Click "Add Policy" to open the policy configuration page. Configuration instructions are as follows.

User conditions: select the scope of users to whom this application account is automatically assigned.
- All users: means automatically assign this application account to all users on the platform. When organization automatic authorization is enabled and a custom organization scope is set, "All users" refers to users within the organization scope.
- Custom user scope: means automatically assign this application account to users under specified organizations or user groups.
- Condition relationship: the relationship between organization and user group conditions under automatic authorization.
- AND: means users must be within both the set organization scope and user group scope to be automatically assigned this application account.
- OR: means users only need to be within either the set organization scope or user group scope to be automatically assigned this application account; satisfying either one is sufficient.
- Organization scope: set the organization scope for automatic assignment of this application account.
- User group scope: set the user group scope for automatic assignment of this application account.
- Condition relationship: the relationship between organization and user group conditions under automatic authorization.
Manage Orphan Accounts
Orphan accounts, also known as ghost accounts, are accounts in application systems that cannot be associated with specific individuals.
Log in to the IDaaS enterprise center platform. In the top navigation bar, select "Resources > Applications", and click to enter the application to which you want to authorize accounts.

On the application details page, select "Orphan Accounts" on the left. This page displays accounts under this application that are not bound to users. You can manually add orphan accounts and click "More > Bind User" in the operation column of an orphan account to bind a user. After binding, the user can use this account to access the application system.

Manage Shared Accounts
Shared accounts refer to accounts in application systems that are associated with multiple people and used simultaneously by multiple people.
Log in to the IDaaS enterprise center platform. In the top navigation bar, select "Resources > Applications", and click to enter the application to which you want to authorize accounts.

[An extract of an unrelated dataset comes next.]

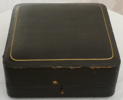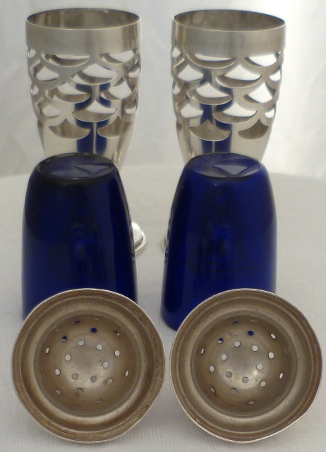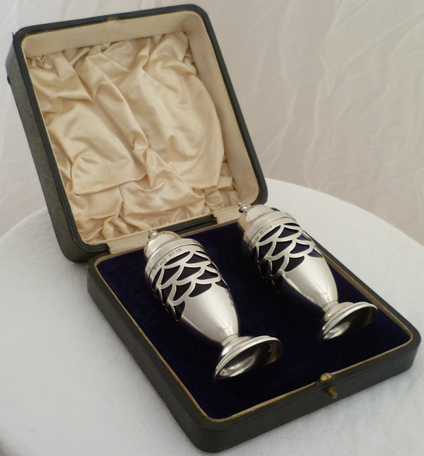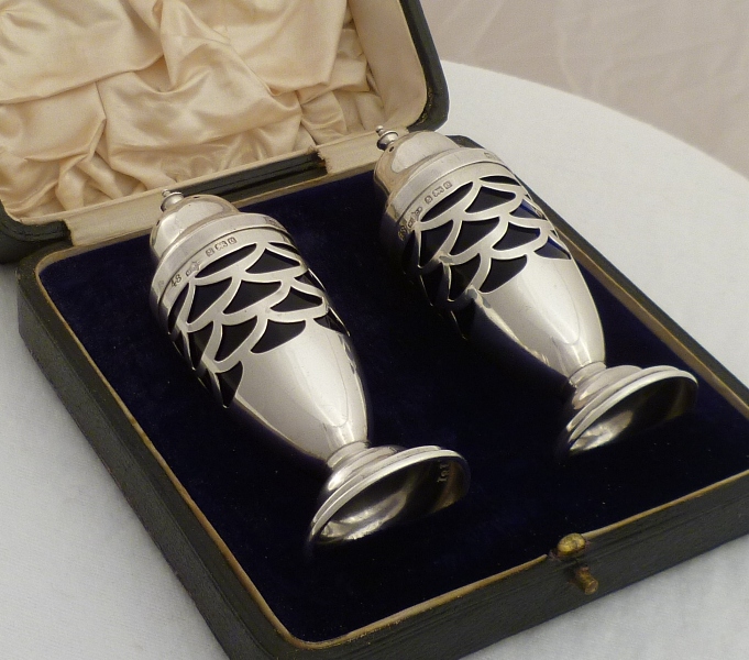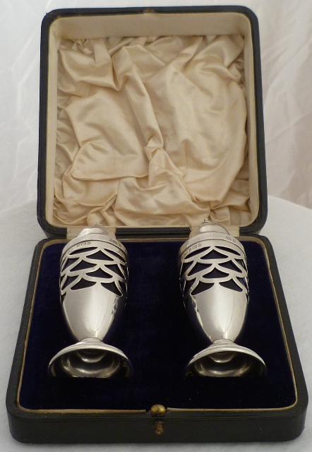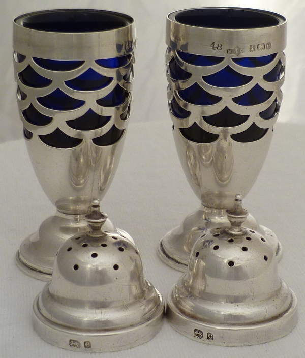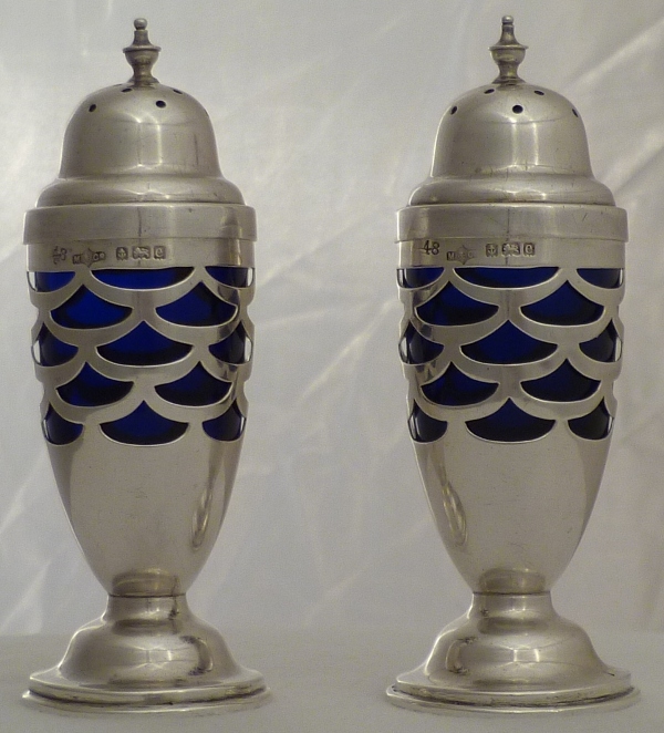 Pair of Edwardian silver vase shaped pepper casters on domed circular pedestal bases. The pierced pull off tops with vase finials and the bodies decorated with fish scale piercing. The blue glass liners are fine quality, excellent condition and are likely to be original. The original gilt tooled leatherette covered fitted case is lined with silks and velvet. |

On the application details page, select "Shared Accounts" on the left. This page displays all shared accounts under this application. Click "More" in the operation column of a shared account to set users, responsible persons, and configure usage policies for the account. You can view users who can use this account through policy calculation.
Users: set users who can use this shared account to access the application. When a user has both a normal application account and shared account usage permission under their name, a pop-up will prompt the user to choose one identity to log in after logging in to the application system.
Responsible Person: set the responsible person for this shared account. The responsible person can manage the shared account. Users can view shared accounts under their management in the user center and perform maintenance operations.

Click "Add Account" in the upper-right corner to manually add a shared account, set basic information such as account name and password, and manually add responsible persons/users or automatically add users by configuring policies. You can also import shared accounts and shared account policies from local on the "Settings > Import/Export" page. Users who meet the account policy are automatically assigned as shared account users.